Lower down are entries containing pictures. Copy exactly, without those pictures, the lines from the line with "Scopri il mondo" through the line with "A segunda colocação".
┌─ DATA UNDER STUDY
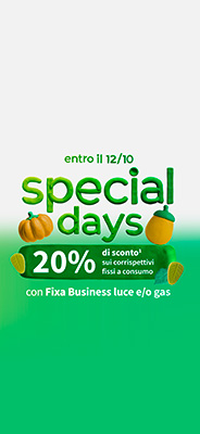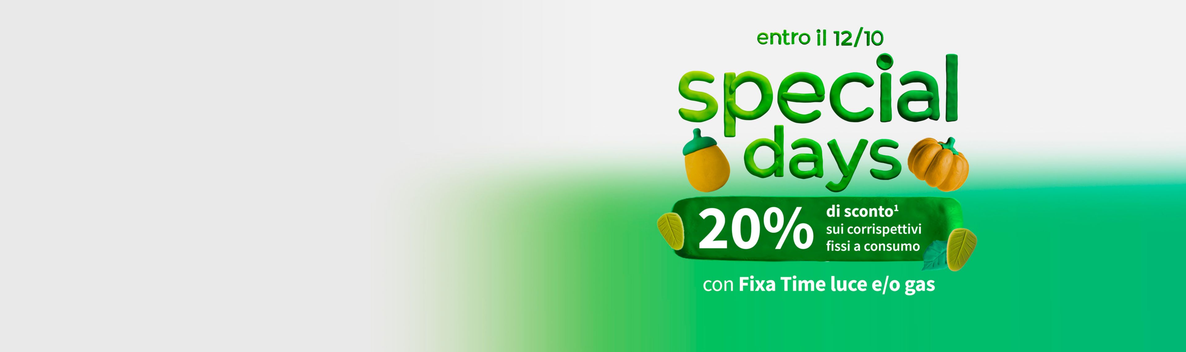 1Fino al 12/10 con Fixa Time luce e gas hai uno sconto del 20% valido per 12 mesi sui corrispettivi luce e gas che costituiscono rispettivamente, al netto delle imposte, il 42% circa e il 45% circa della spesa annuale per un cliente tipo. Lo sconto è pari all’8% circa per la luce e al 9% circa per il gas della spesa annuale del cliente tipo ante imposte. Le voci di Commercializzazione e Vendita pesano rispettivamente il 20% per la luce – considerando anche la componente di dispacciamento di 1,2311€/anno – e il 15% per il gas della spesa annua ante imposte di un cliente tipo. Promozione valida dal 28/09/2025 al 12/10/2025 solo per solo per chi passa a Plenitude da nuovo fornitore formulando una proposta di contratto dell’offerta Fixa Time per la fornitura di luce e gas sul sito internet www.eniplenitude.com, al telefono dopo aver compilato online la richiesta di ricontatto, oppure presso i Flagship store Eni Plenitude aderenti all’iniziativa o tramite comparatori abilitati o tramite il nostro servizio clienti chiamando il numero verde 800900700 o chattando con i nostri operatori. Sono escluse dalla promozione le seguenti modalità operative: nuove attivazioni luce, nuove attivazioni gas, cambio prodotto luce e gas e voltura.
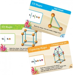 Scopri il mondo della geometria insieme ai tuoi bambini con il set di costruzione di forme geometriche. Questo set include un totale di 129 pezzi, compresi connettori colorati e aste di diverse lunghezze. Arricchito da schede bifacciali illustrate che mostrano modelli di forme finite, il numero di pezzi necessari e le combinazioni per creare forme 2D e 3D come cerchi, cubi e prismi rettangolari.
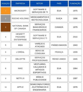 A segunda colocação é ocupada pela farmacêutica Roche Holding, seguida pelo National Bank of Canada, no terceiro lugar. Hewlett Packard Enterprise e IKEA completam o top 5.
└─
┌─ DATA UNDER STUDY
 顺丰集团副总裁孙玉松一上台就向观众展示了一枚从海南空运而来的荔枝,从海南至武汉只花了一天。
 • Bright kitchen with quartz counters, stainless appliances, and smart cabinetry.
└─
┌─ DATA UNDER STUDY
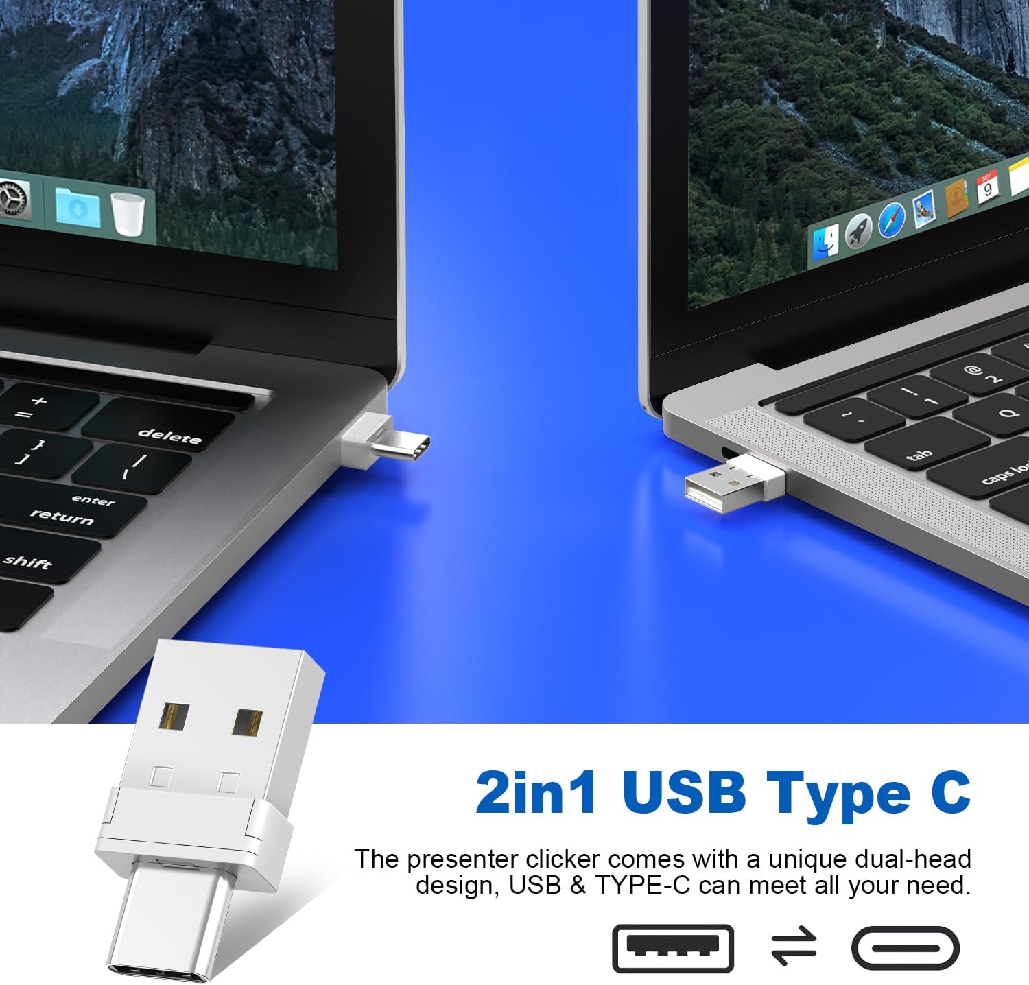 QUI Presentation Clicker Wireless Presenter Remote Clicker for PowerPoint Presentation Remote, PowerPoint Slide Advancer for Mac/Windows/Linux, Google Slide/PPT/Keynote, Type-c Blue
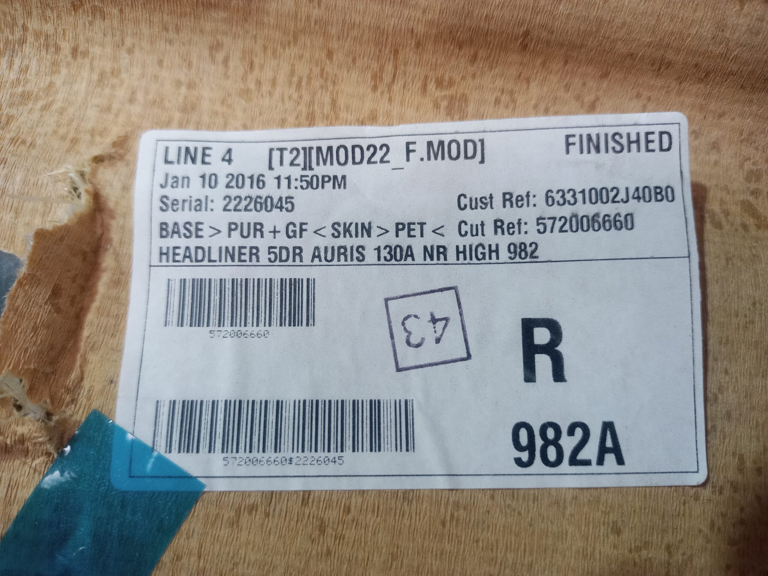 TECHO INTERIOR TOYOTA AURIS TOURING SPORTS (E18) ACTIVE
└─
- _WRITTEN ANSWER_:
 Scopri il mondo della geometria insieme ai tuoi bambini con il set di costruzione di forme geometriche. Questo set include un totale di 129 pezzi, compresi connettori colorati e aste di diverse lunghezze. Arricchito da schede bifacciali illustrate che mostrano modelli di forme finite, il numero di pezzi necessari e le combinazioni per creare forme 2D e 3D come cerchi, cubi e prismi rettangolari.
 A segunda colocação é ocupada pela farmacêutica Roche Holding, seguida pelo National Bank of Canada, no terceiro lugar. Hewlett Packard Enterprise e IKEA completam o top 5.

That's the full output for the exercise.